▶ **EXERCISE REQUIREMENTS**: Please, without any pictures, set down exactly the part of the listing below that opens with the line containing "Dette forklarer prosedyren" and closes with the line containing "Cross asset signals".

▶ **DATA FOR THIS EXERCISE**:
----

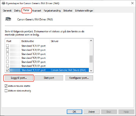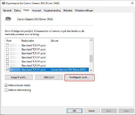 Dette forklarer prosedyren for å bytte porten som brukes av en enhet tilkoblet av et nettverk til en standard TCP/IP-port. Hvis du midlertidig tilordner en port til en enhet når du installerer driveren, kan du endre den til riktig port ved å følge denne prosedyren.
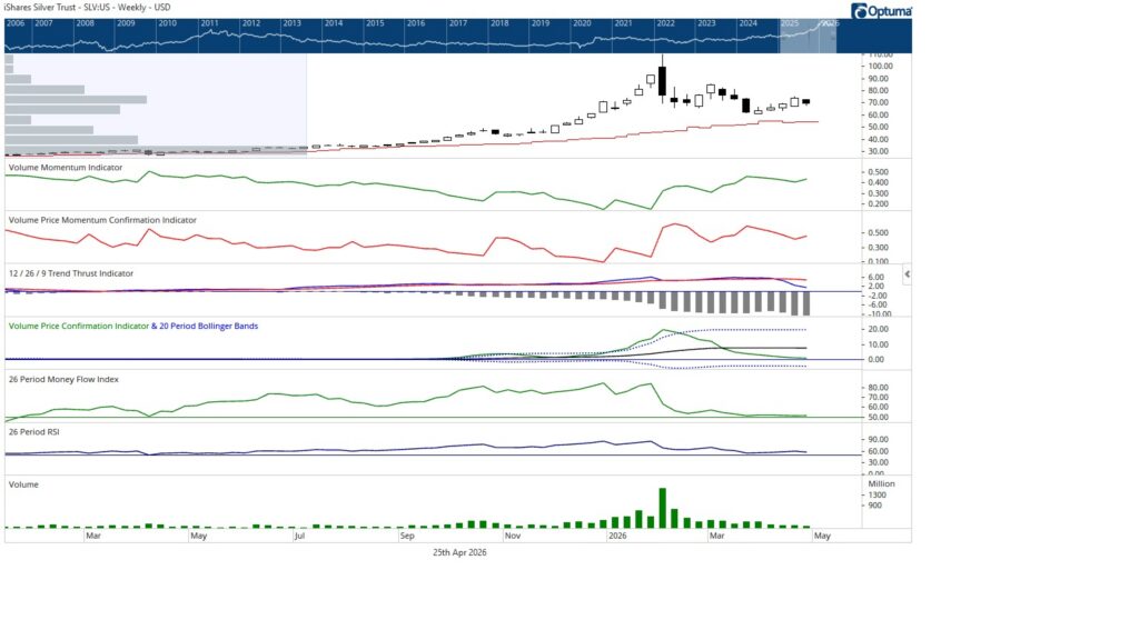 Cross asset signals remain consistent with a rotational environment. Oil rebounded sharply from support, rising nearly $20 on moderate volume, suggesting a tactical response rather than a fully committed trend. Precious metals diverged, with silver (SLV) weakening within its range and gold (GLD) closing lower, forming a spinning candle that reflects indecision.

----

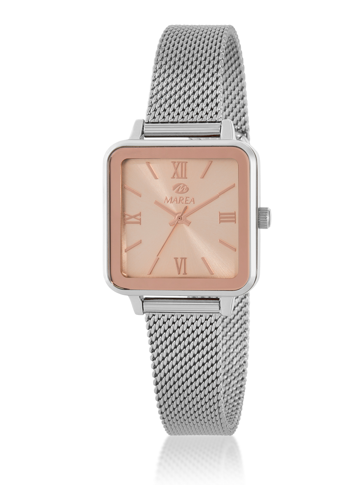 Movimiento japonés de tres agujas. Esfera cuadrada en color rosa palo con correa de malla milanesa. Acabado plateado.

----

▶ **TASK RESPONSE**:
 Dette forklarer prosedyren for å bytte porten som brukes av en enhet tilkoblet av et nettverk til en standard TCP/IP-port. Hvis du midlertidig tilordner en port til en enhet når du installerer driveren, kan du endre den til riktig port ved å følge denne prosedyren.
 Cross asset signals remain consistent with a rotational environment. Oil rebounded sharply from support, rising nearly $20 on moderate volume, suggesting a tactical response rather than a fully committed trend. Precious metals diverged, with silver (SLV) weakening within its range and gold (GLD) closing lower, forming a spinning candle that reflects indecision.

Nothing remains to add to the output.